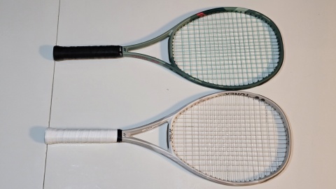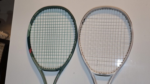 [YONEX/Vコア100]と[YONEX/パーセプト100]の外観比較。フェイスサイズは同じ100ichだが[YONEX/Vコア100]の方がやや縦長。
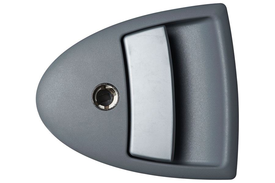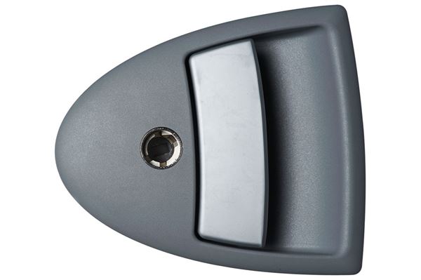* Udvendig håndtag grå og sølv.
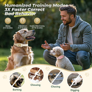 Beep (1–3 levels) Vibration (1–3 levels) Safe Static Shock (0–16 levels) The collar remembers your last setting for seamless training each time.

◆ ◆ ◆ ◆ ◆ ◆ ◆

• **Task directions**
Restate word for word only the lines from the one with "grå og sølv." through the last line of the material, both included. Any picture should be left out.

• **Exercise result**
* Udvendig håndtag grå og sølv.
 Beep (1–3 levels) Vibration (1–3 levels) Safe Static Shock (0–16 levels) The collar remembers your last setting for seamless training each time.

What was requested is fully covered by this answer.